Kisuna,a language with six segmental phonemes: preliminary sketch
|From:||Tom Wier <artabanos@...>|
|Date:||Wednesday, May 24, 2000, 0:57|
Roger Mills wrote:
> >that Japanese has two words pronounced "kansai", one "kankai", and FOUR
> >"kansui". In addition, Japanese has a "nansai" and three "sansai". If
> >Japanese can get by with this degree of packing in the same arbitrarily
> >picked area of "phonology space", perhaps Kisuna isn't as unnatural as it
> seems at first.>
> As Nik pointed out, you might use accent to distinguish pairs.....
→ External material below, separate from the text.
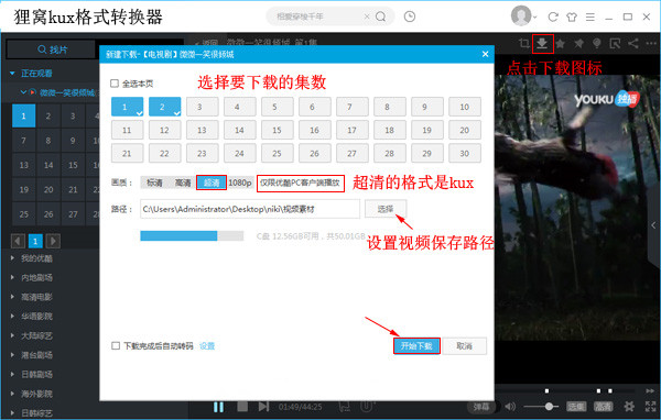 下载安装狸窝kux格式转换器,打开软件,如图,随意点击一个视频,进入播放界面,鼠标点击下载按钮,出现弹窗口,进行相关设置,画质选择超清,这里显示“仅限优酷PS客户端播放”,然后点击【开始下载】,

You could probably get more bang for your buck by using tonal variants
rather than pitch accents. Tones allow for greater segmental variation,
depending on how complex you allow it to become. (Most tonal languages
have just two tones -- high and low -- but that's by no means the only
> >Another difference between Kisuna and English is that long words aren't
> analyzable into components as their English equivalents often are.
> English Kisuna
> tele-vis-ion kaninus> etc........
A certain amount of derivational morphology is, typologically speaking,
well nigh necessary. Since all human societies have always felt the need
to categorize the phenomena of the world around them, this often shows up
in the structure of their discourse. Exactly to what extent they (and by
extension any conlangers proposing to model human societies) do that is
of course variable, but that they do it is quite certain.
(I am of course assuming that this language is to be used in a human society;
if not, then the above might not apply. But if it didn't apply, it would have
to be in a thoroughly Daoist society which sees no virtually distinctions or
abstractions in nature at all!)
Tom Wier <artabanos@...>
"Cogito ergo sum, sed credo ergo ero."